>>>
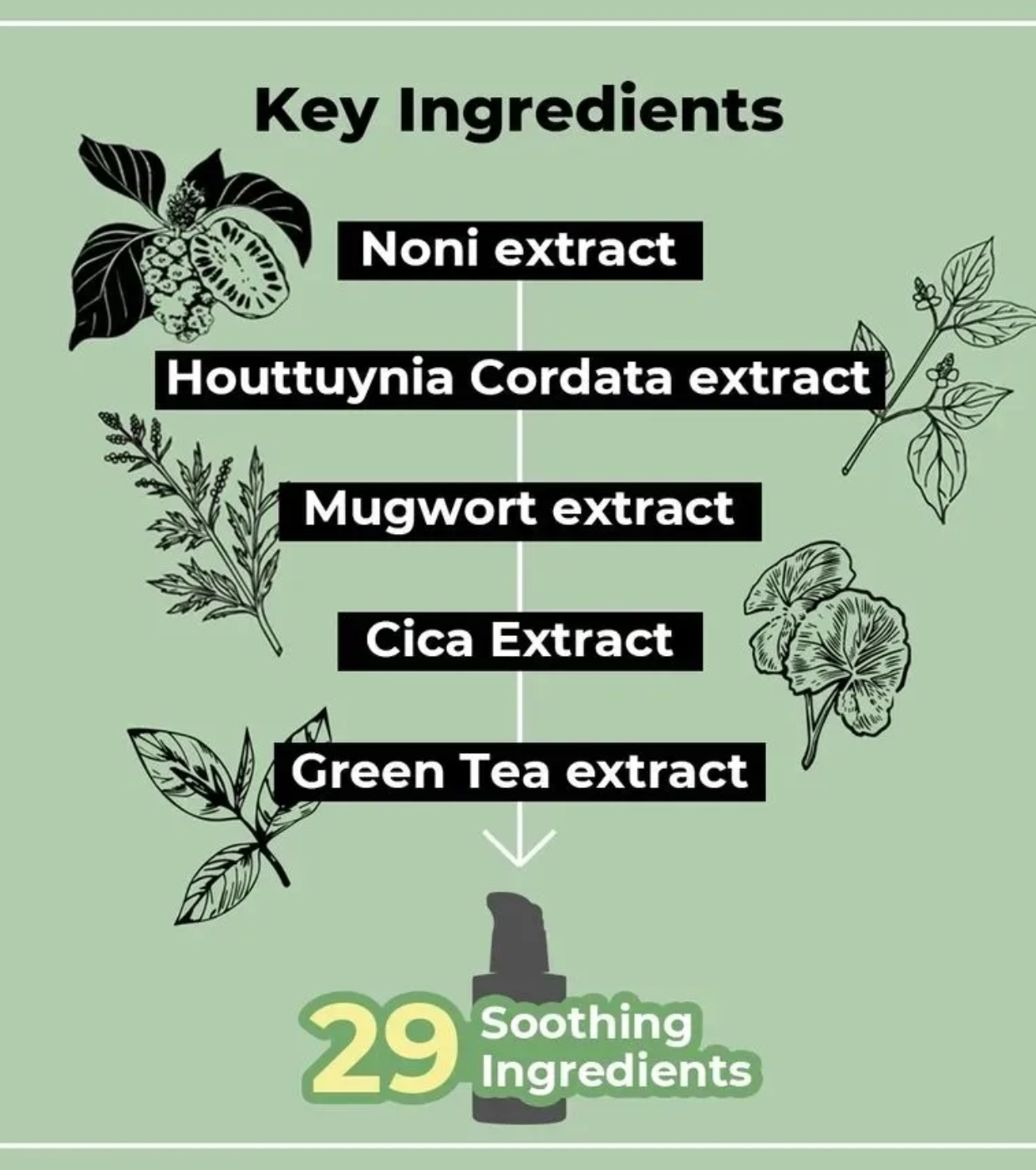 Morinda Citrifolia Extract, Butylene Glycol, Propanediol, 1,2-Hexanediol, Glycerin, Centella Asiatica Extract, Houttuynia Cordata Extract, Artemisia Princeps Leaf Extract, Paeonia Suffruticosa Root Extract, Leonurus Sibiricus Extract, Nelumbo Nucifera Leaf Extract, Melissa Officinalis Extract, Tremella Fuciformis (Mushroom) Extract, Lentinus Edodes Extract, Phyllostachys Nigra Leaf Extract, Saussurea Involucrata Extract, Corchorus Olitorius Leaf Extract, Ilex Paraguariensis Leaf Extract, Malva Sylvestris (Mallow) Flower Extract, Laminaria Japonica Extract, Rosa Damascena Flower Extract, Chrysanthemum Indicum Flower Extract, Solanum Melongena (Eggplant) Fruit Extract, Melia Azadirachta Leaf Extract, Scutellaria Baicalensis Root Extract, Polygonum Cuspidatum Root Extract, Glycyrrhiza Glabra (Licorice) Root Extract, Camellia Sinensis Leaf Extract, Melia Azadirachta Flower Extract, Hamamelis Virginiana (Witch Hazel) Extract, Chamomilla Recutita (Matricaria) Flower Extract, Rosmarinus Officinalis (Rosemary) Leaf Extract, Hydrolyzed Jojoba Protein, Aloe Barbadensis Leaf Extract, Melaleuca Alternifolia (Tea Tree) Leaf Water, Sodium Hyaluronate, Shea Butter, Allantoin, Caprylic/Capric Triglyceride, Asiaticoside, Madecassic Acid, Asiatic Acid, Ceramide NP, Glyceryl Polymethacrylate, Ammonium Acryloyldimethyltaurate/VP Copolymer, Hydrogenated Lecithin, Glyceryl Stearate, Pyridoxine HCl, Phospholipids, Cholesterol, Calcium Pantothenate, Arachidyl Glucoside, Silica, Stearic Acid, Maltodextrin, Tromethamine, Carbomer, Purified Water, Ethylhexylglycerin, Disodium EDTA, Ethanol
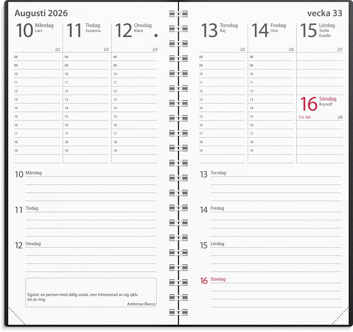 Format: 83x158 mm. Layout: Vecka/uppslag. Timindelning 8-19. Kalendarium: 2025-12-15 - 2027-01-03. Omslag: Plast. Spiralbunden. Innehåll: Kyrkliga helgdagar, Flaggdagar, Helgdagar/aftnar, Månfaser, Namnsdagar, Internationella helgdagar översikt, Telefonregister, Temadagar/händelser, Årsöversikt/årsöversikter, Årsplan/årsplaner. Antal sidor: 128. Miljöinformation: FSC®.
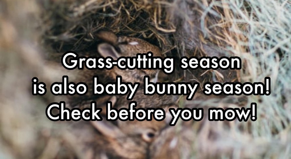 If you’re here in the South, you’re probably getting ready to break out the lawn mower for the first time this year. Please be sure not to harm any baby bunnies when you mow!
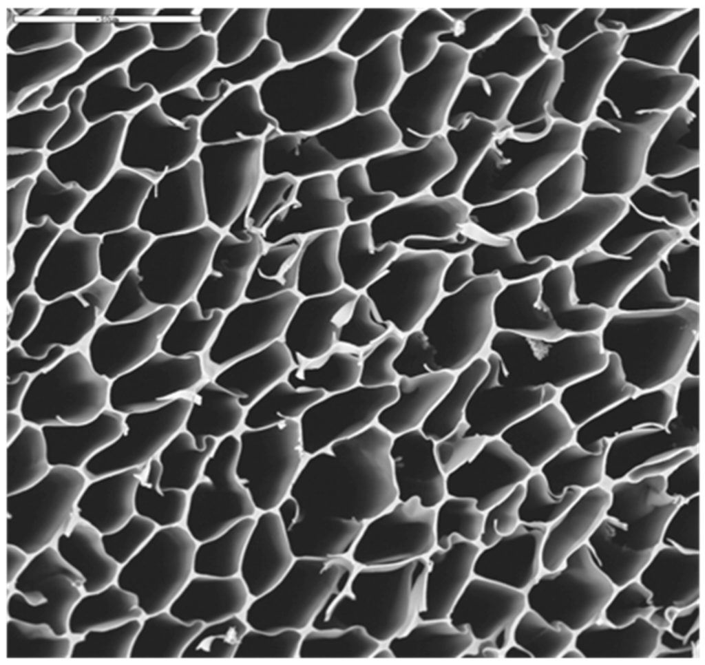 As confirmed by Scanning electron microscopy (SEM), the resulting crosslinked scaffold exhibited a uniform and porous 3D structure along the whole scaffold, with a pore size range between 10 and 30 μm (Figure 6). The Ag content within the scaffolds was 287 ± 13 µg of Ag per gram of polymer.
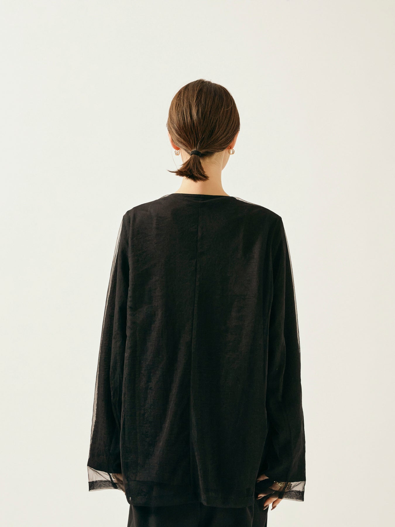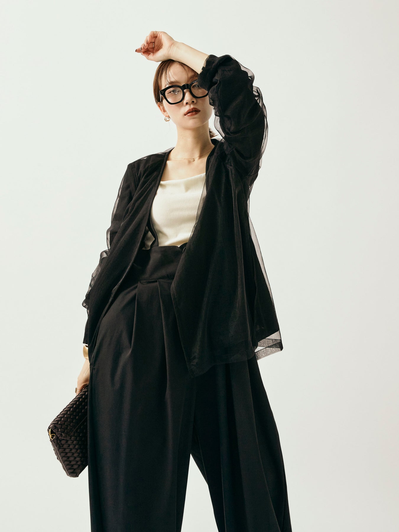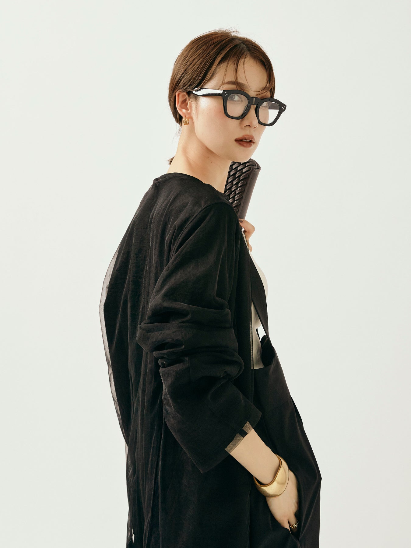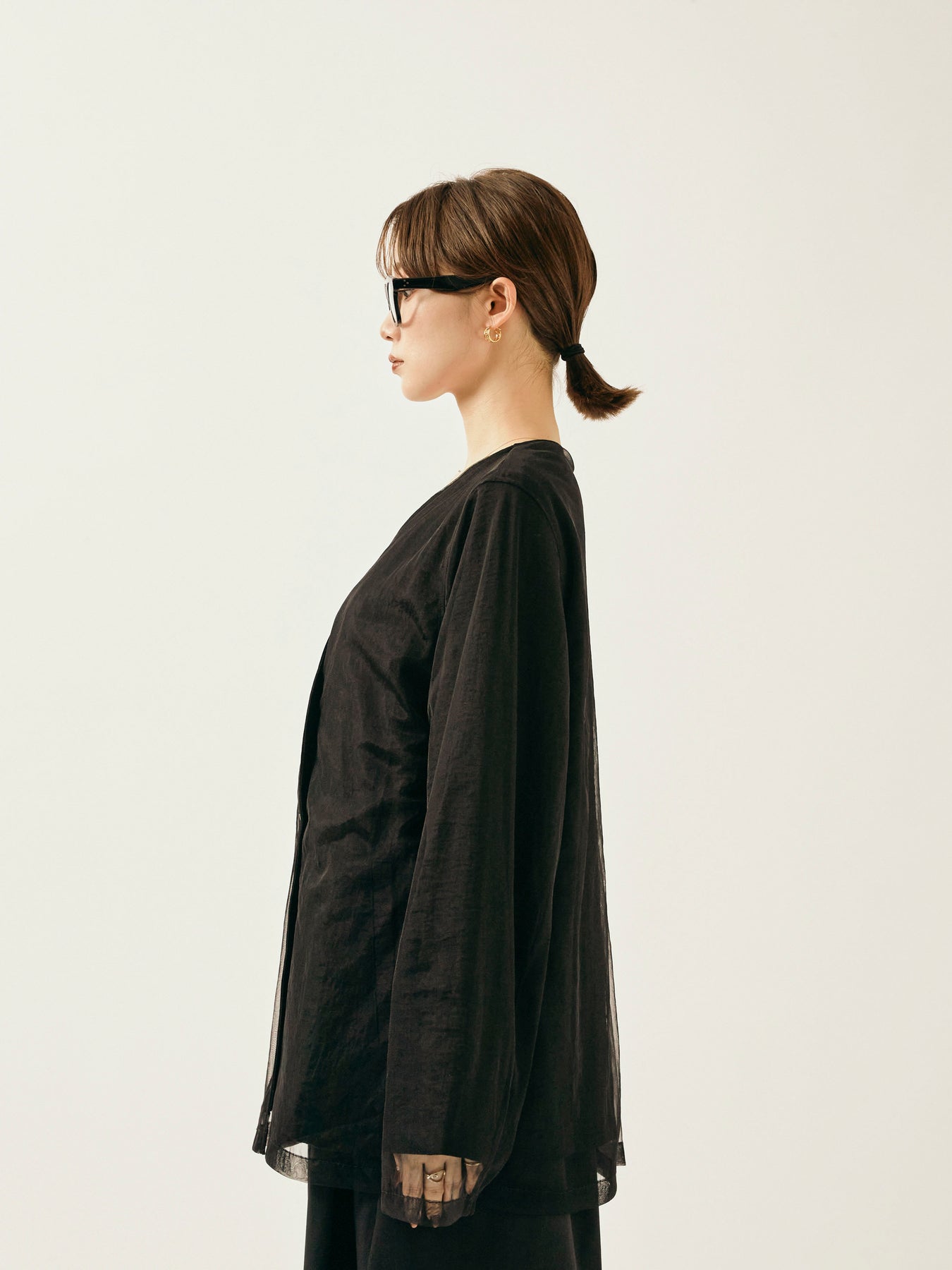 ふんわりと重ねたチュールが目を引く、軽やかなVネックジャケット。 程よくシアーな素材感が、春夏の羽織りとして抜け感のあるスタイリングを叶えます。 シンプルながらも、異素材のレイヤードデザインで奥行きのある印象に。 Vネック仕様で顔まわりもすっきりと見せつつ、着回しやすい万能な一着。 デニムやワンピースにさらっと羽織るだけで、スタイリングが格上げされるアイテムです。 ※ボトムス、キャミソール(インナー)以外の商品は一律でインナーは付属していません。
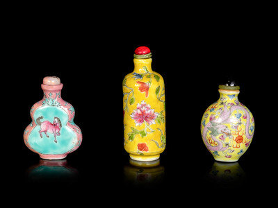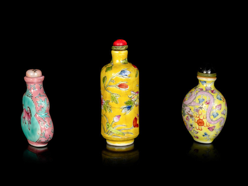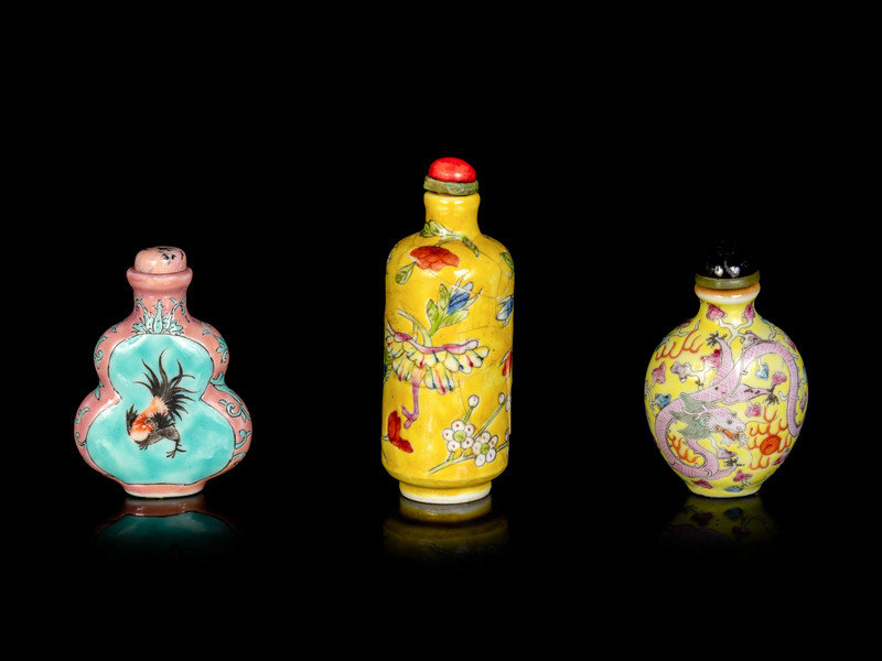 comprising a yellow ground famille rose ‘floral’ bottle, a pink and turquoise ground ‘rooster and horse’ gourd-form bottle and a yellow ground famille rose ‘dragon’ bottle.
<<<
All lines from the one containing "If you’re here" to the end of the entries should appear in the output exactly as written, with no pictures.

 If you’re here in the South, you’re probably getting ready to break out the lawn mower for the first time this year. Please be sure not to harm any baby bunnies when you mow!
 As confirmed by Scanning electron microscopy (SEM), the resulting crosslinked scaffold exhibited a uniform and porous 3D structure along the whole scaffold, with a pore size range between 10 and 30 μm (Figure 6). The Ag content within the scaffolds was 287 ± 13 µg of Ag per gram of polymer.
 ふんわりと重ねたチュールが目を引く、軽やかなVネックジャケット。 程よくシアーな素材感が、春夏の羽織りとして抜け感のあるスタイリングを叶えます。 シンプルながらも、異素材のレイヤードデザインで奥行きのある印象に。 Vネック仕様で顔まわりもすっきりと見せつつ、着回しやすい万能な一着。 デニムやワンピースにさらっと羽織るだけで、スタイリングが格上げされるアイテムです。 ※ボトムス、キャミソール(インナー)以外の商品は一律でインナーは付属していません。
 comprising a yellow ground famille rose ‘floral’ bottle, a pink and turquoise ground ‘rooster and horse’ gourd-form bottle and a yellow ground famille rose ‘dragon’ bottle.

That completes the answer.